(Beginning of Dataset)
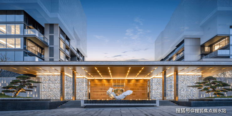 作为建筑礼制的重要表达,小区门庭采用凤翎咏归的高定大门,近70米酒店式门廊,尺度与气势兼具,属于业主的滨水度假生活也由此打开。
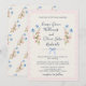 Floral Wedding invitations with beautiful romantic delicate watercolor wildflowers in blue and pink, with soft blue ribbon on a vintage cream scalloped background. Easy to personalize names, and wedding invitation wordings in a lovely script fonts. Pretty country wedding style.
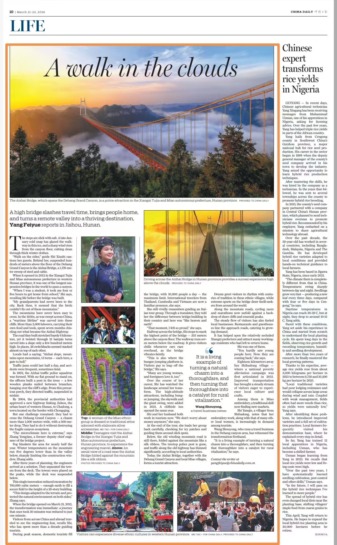 在这些少数民族村寨里,迎接游客的阵阵鼓声踩着传承百年的传统节拍。与此同时,大桥上的极限运动则吸引着来自世界各地的冒险者。
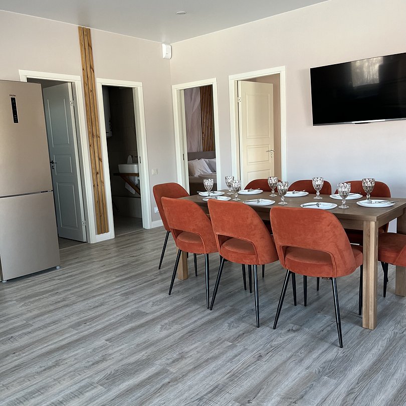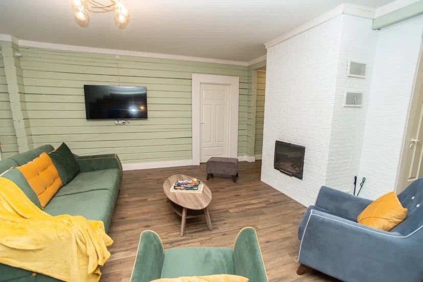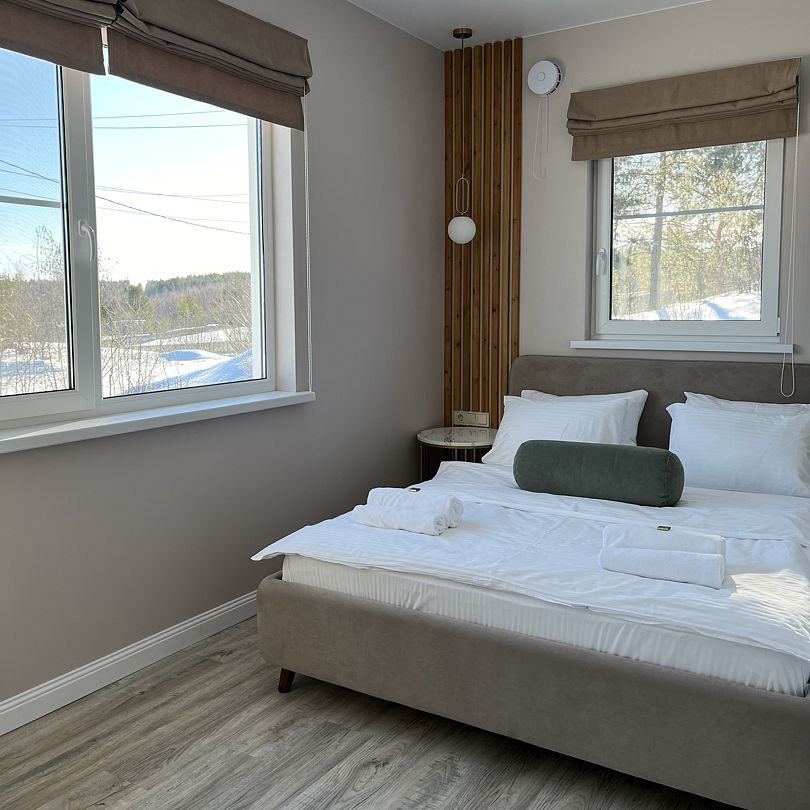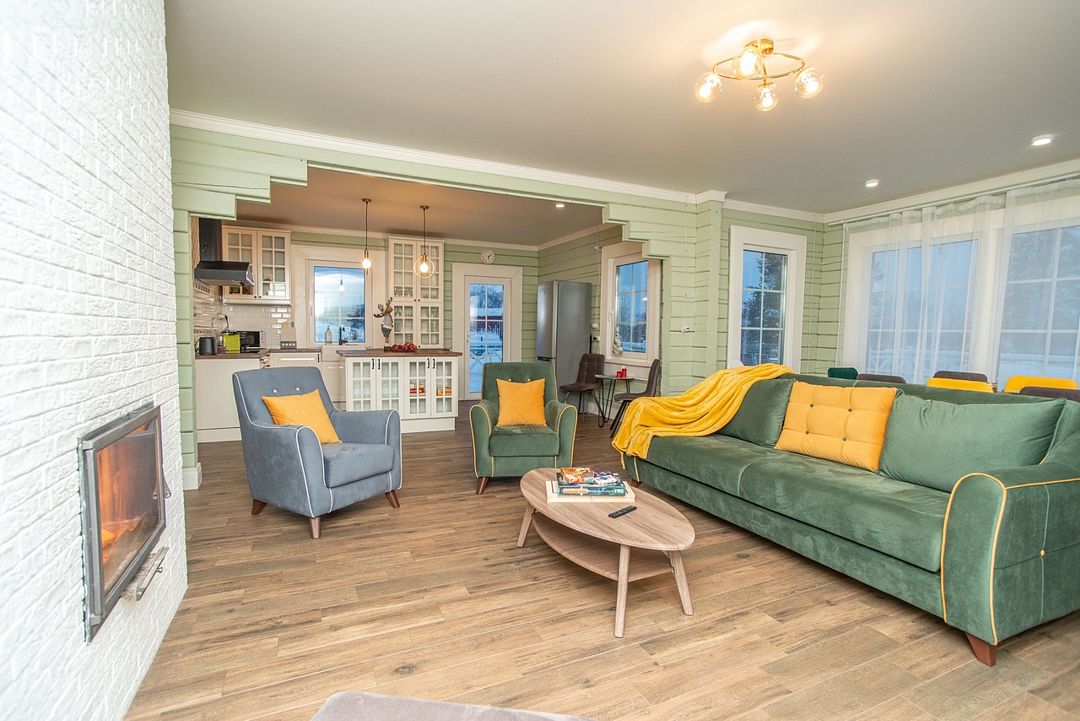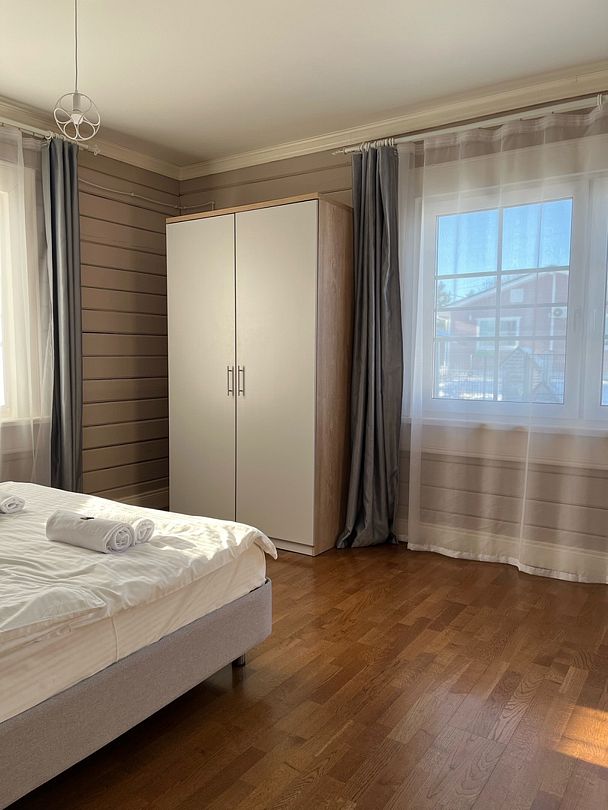 Просторный тёплый дом площадью 200 кв.м идеально подойдёт для отдыха большой компании или нескольких семей. В доме — 5 спален, гостиная с камином, кухня, 2 санузла и гардеробная.
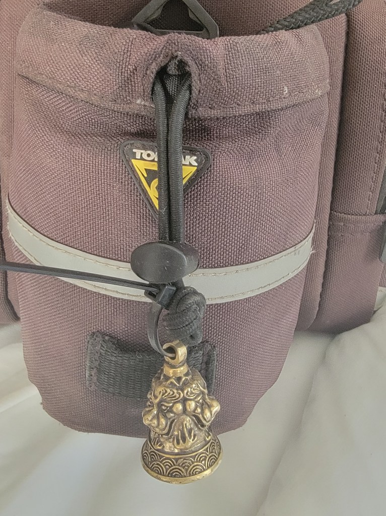 Jim and I have our own superstitions. Our good friend Richard gave us each a “gremlin bell” for the journey. This lovely little bell tinkles away on our bike bags, keeping away gremlins, scissors in the road, and all other sorts of ills and bad luck. Thank you Richard! They are working well thus far!
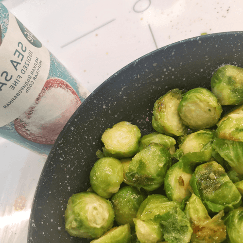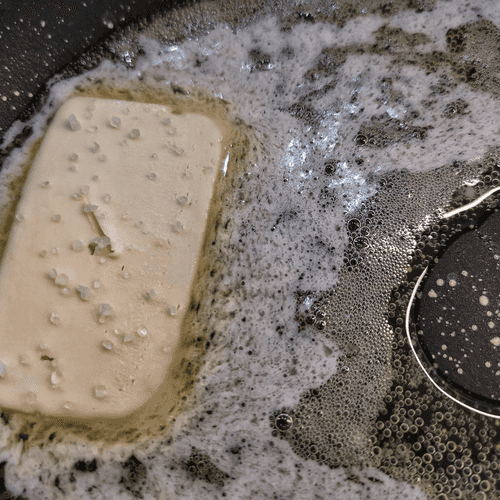 На раскаленной сковороде растопить сливочное масло и добавить пару щепоток крупной соли.
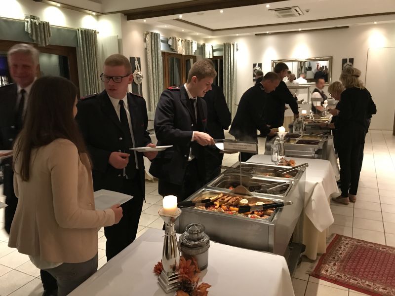 Am Samstagabend fand das traditionelle Winterfest der Feuerwehr Ibbenbüren mit allen vier Löschzügen bei „Mutter Bahr“ im Ortsteil Uffeln statt. Der Leiter der Feuerwehr Ibbenbüren, Karl-Heinz Rolf, eröffnete die Feierlichkeit mit einer kurzen Rede, in der er sich bei den Kameradinnen und Kameraden für die im vergangenen Jahr geleistete Arbeit bei Einsätzen und Übungen, sowie auch für das Verständnis der Partnerinnen und Partner der Feuerwehrleute für diesen zeitlichen Aufwand bedankte. Der Name „Winterfest“ sei im Übrigen vielleicht auch wegen des frühen Termins in diesem Jahr überdenkenswürdig. Er wünschte allen Anwesenden einen schönen Abend eröffnete im Anschluss das Buffet.
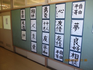 手本も見ずに書いた最初の『友情』と、指導が入り、今まで学習した原理・原則を思い出しながら意識して練習をして書いた『友情』では、これほど違うんだという字をたくさん見ることができました。
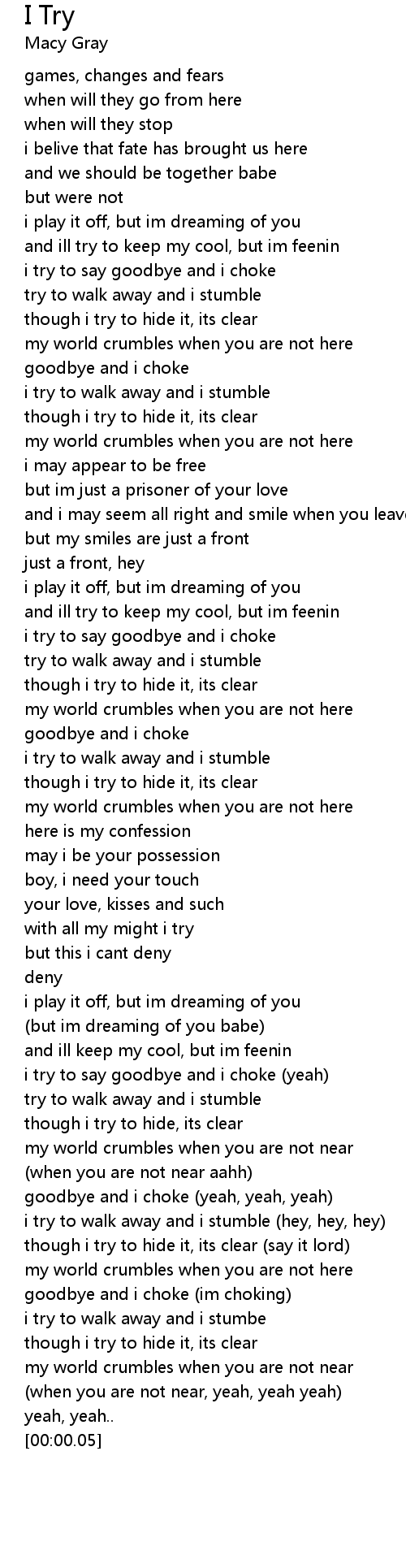| [03:05.38] | i try to walk away and i stumble (hey, hey, hey) |
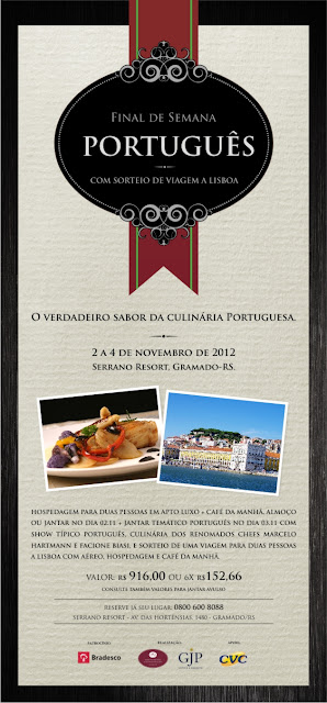 O bacalhau é a estrela também nos pratos principais: em bolinhos, à Gomes de Sá ou com batata broa. Além disso, também haverá lombo suíno ao vinho do porto, carré de cordeiro com castanha portuguesa e molho de hortelã, entre outros. Para a sobremesa, as melhores doçuras portuguesas: terrine de castanhas, ovos moles de Aveiro, pastel de Belém, papo de anjo e queijadinha, entre outras delícias. Para quem quiser aproveitar o feriado na charmosa Gramado e o jantar, o Serrano oferece um pacote especial. O Jantar Especial Português encerra o ciclo 2012 do projeto Sabores do Mundo – as edições anteriores celebraram as culinárias alemã, francesa, argentina e brasileira e portuguesa. “O projeto é um sucesso absoluto. Tanto que em breve já vamos divulgar as primeiras datas dos jantares temáticos para 2013”, comemora o gerente-geral do Serrano, Rogério Poloni.
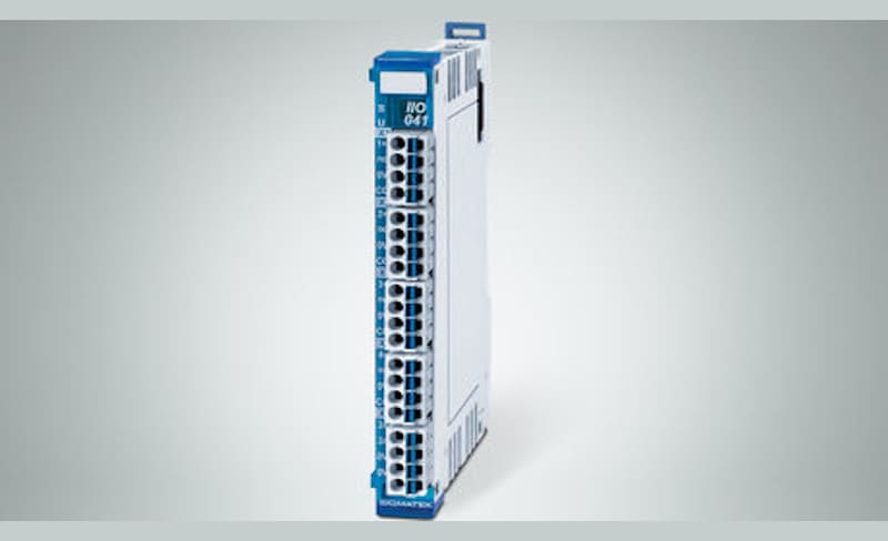 The compact IIO 041 from SIGMATEK’s S-DIAS series has four SDCI master ports and four digital inputs (+24 V DC/3.7 mA/0.5 ms). With SDCI Single-Drop Digital Communication Interfaces (IO-Link), a manufacturer-independent point-to-point connection can be realized for connecting intelligent actuators and sensors in accordance with IEC 61131-9.
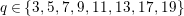 $q\in \{3,5,7,9,11,13,17,19\}$
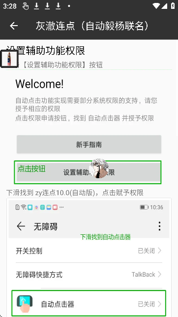 2、请依次启用所需权限(如无障碍服务、悬浮窗显示等),以确保自动点击功能正常运行。
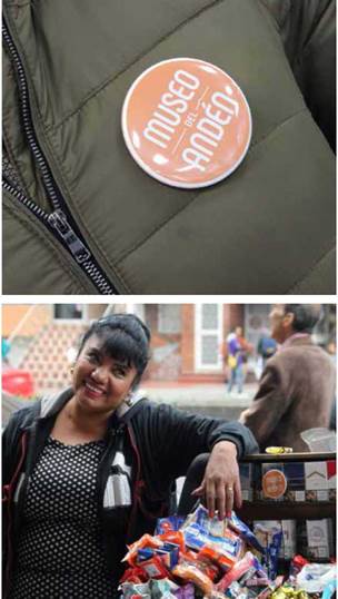 Los creadores de la propuesta, profesores y estudiantes, investigaron a fondo el proyecto del alcalde, revisaron el código de policía y empezaron a observar la calle 42. Para ellos era importante resaltar las relaciones que se habían establecido durante varios años entre los vendedores informales y las personas que hacían parte de la Universidad. El vínculo entre estos dos mundos, mediado por la cotidianidad, por las historias personales "como la de Gloria, una vendedora que tiene un hijo con síndrome de down que encuentra en la venta informal un horario flexible de trabajo que le permite obtener una retribución económica y poder cuidar de su hijo" (Toledo, 2019). El Museo del andén se propone como una plataforma que estudia las relaciones de intercambio cotidianas del espacio público: Un museo que tiene por colección: "las historias, experiencia y saberes de los vendedores informales entendiendo esto como un patrimonio de la ciudad" (Toledo, 2019). El museo del andén se potencia con prácticas (Véase figura 5), como los pines y banderines con el logo del proyecto que buscaban que los vendedores informales pudieran ser identificados como integrantes de él o la realización de un plegable que permite reconocer el territorio que configura el museo, los sitios que ocupa cada vendedor y las historias de la calle narradas desde sus puntos de vista como integrantes del museo. De manera que este es un museo que no contiene una estructura física, sino que está en expansión y entiende la calle como lugar expositivo en el que lo que interesa exponer son las relaciones cotidianas de los vendedores, se trata de un museo vivo en constante crecimiento que acoge las dinámicas sociales de su contexto.
(End of Dataset)
[What the exercise asks]:
With the pictures omitted, give every line above again exactly.

[Answer to the exercise]:
 作为建筑礼制的重要表达,小区门庭采用凤翎咏归的高定大门,近70米酒店式门廊,尺度与气势兼具,属于业主的滨水度假生活也由此打开。
 Floral Wedding invitations with beautiful romantic delicate watercolor wildflowers in blue and pink, with soft blue ribbon on a vintage cream scalloped background. Easy to personalize names, and wedding invitation wordings in a lovely script fonts. Pretty country wedding style.
 在这些少数民族村寨里,迎接游客的阵阵鼓声踩着传承百年的传统节拍。与此同时,大桥上的极限运动则吸引着来自世界各地的冒险者。
 Просторный тёплый дом площадью 200 кв.м идеально подойдёт для отдыха большой компании или нескольких семей. В доме — 5 спален, гостиная с камином, кухня, 2 санузла и гардеробная.
 Jim and I have our own superstitions. Our good friend Richard gave us each a “gremlin bell” for the journey. This lovely little bell tinkles away on our bike bags, keeping away gremlins, scissors in the road, and all other sorts of ills and bad luck. Thank you Richard! They are working well thus far!
 На раскаленной сковороде растопить сливочное масло и добавить пару щепоток крупной соли.
 Am Samstagabend fand das traditionelle Winterfest der Feuerwehr Ibbenbüren mit allen vier Löschzügen bei „Mutter Bahr“ im Ortsteil Uffeln statt. Der Leiter der Feuerwehr Ibbenbüren, Karl-Heinz Rolf, eröffnete die Feierlichkeit mit einer kurzen Rede, in der er sich bei den Kameradinnen und Kameraden für die im vergangenen Jahr geleistete Arbeit bei Einsätzen und Übungen, sowie auch für das Verständnis der Partnerinnen und Partner der Feuerwehrleute für diesen zeitlichen Aufwand bedankte. Der Name „Winterfest“ sei im Übrigen vielleicht auch wegen des frühen Termins in diesem Jahr überdenkenswürdig. Er wünschte allen Anwesenden einen schönen Abend eröffnete im Anschluss das Buffet.
 手本も見ずに書いた最初の『友情』と、指導が入り、今まで学習した原理・原則を思い出しながら意識して練習をして書いた『友情』では、これほど違うんだという字をたくさん見ることができました。
| [03:05.38] | i try to walk away and i stumble (hey, hey, hey) |
 O bacalhau é a estrela também nos pratos principais: em bolinhos, à Gomes de Sá ou com batata broa. Além disso, também haverá lombo suíno ao vinho do porto, carré de cordeiro com castanha portuguesa e molho de hortelã, entre outros. Para a sobremesa, as melhores doçuras portuguesas: terrine de castanhas, ovos moles de Aveiro, pastel de Belém, papo de anjo e queijadinha, entre outras delícias. Para quem quiser aproveitar o feriado na charmosa Gramado e o jantar, o Serrano oferece um pacote especial. O Jantar Especial Português encerra o ciclo 2012 do projeto Sabores do Mundo – as edições anteriores celebraram as culinárias alemã, francesa, argentina e brasileira e portuguesa. “O projeto é um sucesso absoluto. Tanto que em breve já vamos divulgar as primeiras datas dos jantares temáticos para 2013”, comemora o gerente-geral do Serrano, Rogério Poloni.
 The compact IIO 041 from SIGMATEK’s S-DIAS series has four SDCI master ports and four digital inputs (+24 V DC/3.7 mA/0.5 ms). With SDCI Single-Drop Digital Communication Interfaces (IO-Link), a manufacturer-independent point-to-point connection can be realized for connecting intelligent actuators and sensors in accordance with IEC 61131-9.
 $q\in \{3,5,7,9,11,13,17,19\}$
 2、请依次启用所需权限(如无障碍服务、悬浮窗显示等),以确保自动点击功能正常运行。
 Los creadores de la propuesta, profesores y estudiantes, investigaron a fondo el proyecto del alcalde, revisaron el código de policía y empezaron a observar la calle 42. Para ellos era importante resaltar las relaciones que se habían establecido durante varios años entre los vendedores informales y las personas que hacían parte de la Universidad. El vínculo entre estos dos mundos, mediado por la cotidianidad, por las historias personales "como la de Gloria, una vendedora que tiene un hijo con síndrome de down que encuentra en la venta informal un horario flexible de trabajo que le permite obtener una retribución económica y poder cuidar de su hijo" (Toledo, 2019). El Museo del andén se propone como una plataforma que estudia las relaciones de intercambio cotidianas del espacio público: Un museo que tiene por colección: "las historias, experiencia y saberes de los vendedores informales entendiendo esto como un patrimonio de la ciudad" (Toledo, 2019). El museo del andén se potencia con prácticas (Véase figura 5), como los pines y banderines con el logo del proyecto que buscaban que los vendedores informales pudieran ser identificados como integrantes de él o la realización de un plegable que permite reconocer el territorio que configura el museo, los sitios que ocupa cada vendedor y las historias de la calle narradas desde sus puntos de vista como integrantes del museo. De manera que este es un museo que no contiene una estructura física, sino que está en expansión y entiende la calle como lugar expositivo en el que lo que interesa exponer son las relaciones cotidianas de los vendedores, se trata de un museo vivo en constante crecimiento que acoge las dinámicas sociales de su contexto.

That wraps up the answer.